→ **Task prompt**
Word for word, restate the lines of the listing below from the line with "Лейка для душа" through the line with "The Dream oil", and do not include the pictures.

→ **Provided records**

"""

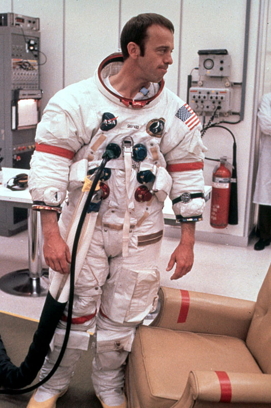 فضانورد آلن شپرد با یک ساعت امگا اسپیدمستر که با بند ولکرو (چسب پارچه‌ای) روی آستین لباس فضایی‌اش بسته شده. آقای اشتوبر اشاره کرد که ولکرو هم اصالتاً سوئیسیه.
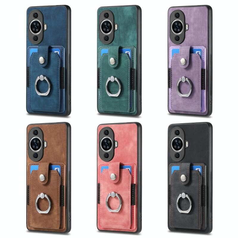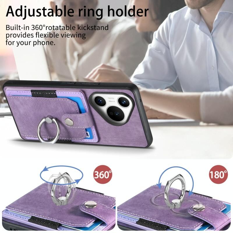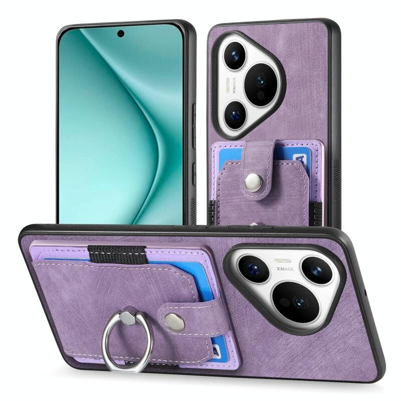 Για Huawei Pura 70 Pro + Ρετρό δέρμα-συναίσθημα δαχτυλίδι κάρτα πορτοφόλι υπόθεση τηλεφώνου (Μωβ)
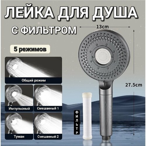 Лейка для душа с фильтром Shower Head Big Gray, большая, серая, 5 режимов
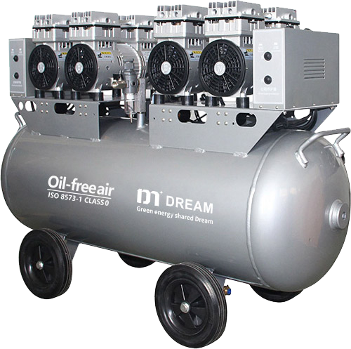 The Dream oil free piston air compressor features slient low-noise cooling system to minimize noise pollution, outlet oil-free, the outlet air is constant and stable, long service life and easy operation, unique soundproof canopy, it is suitable for testing departments such as analysis and testing ,laboratory.
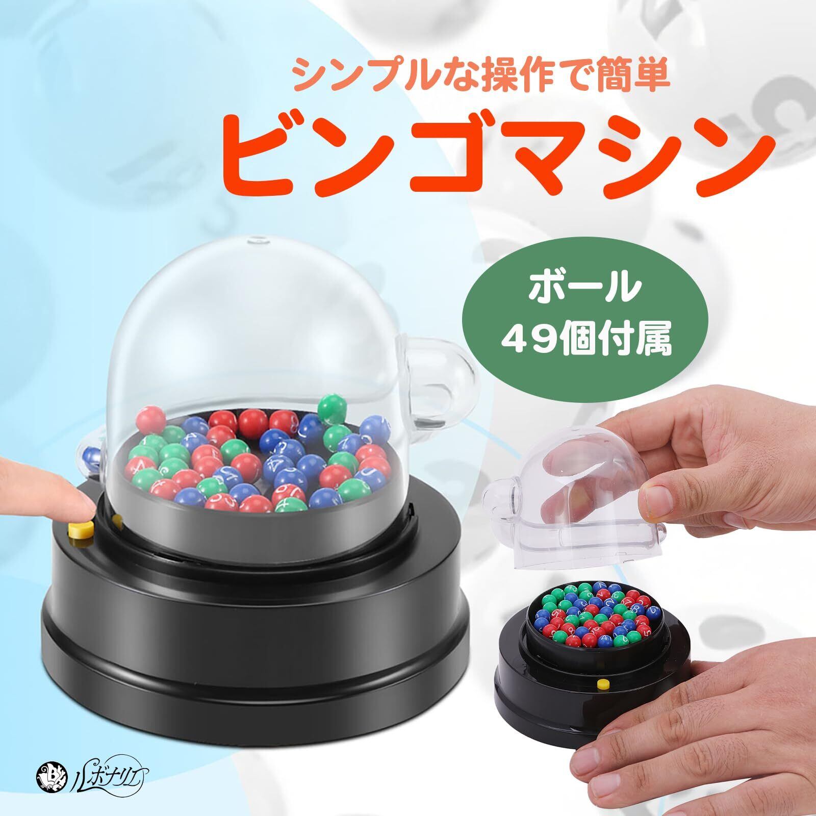 【楽しい抽選体験を提供!ルボナリエ ビンゴマシーン!】 : 「ルボナリエ ビンゴマシーン」は、電動でスムーズに抽選を行えるビンゴゲームセットです。透明なデザインにより、参加者は公平で透明な抽選を楽しむことができ、友達や家族との集まりやイベントを盛り上げます!3色のカラーバリエーションからお好きな色を選んで、楽しいひとときを演出しましょう!

"""

→ **The completed task**
 Лейка для душа с фильтром Shower Head Big Gray, большая, серая, 5 режимов
 The Dream oil free piston air compressor features slient low-noise cooling system to minimize noise pollution, outlet oil-free, the outlet air is constant and stable, long service life and easy operation, unique soundproof canopy, it is suitable for testing departments such as analysis and testing ,laboratory.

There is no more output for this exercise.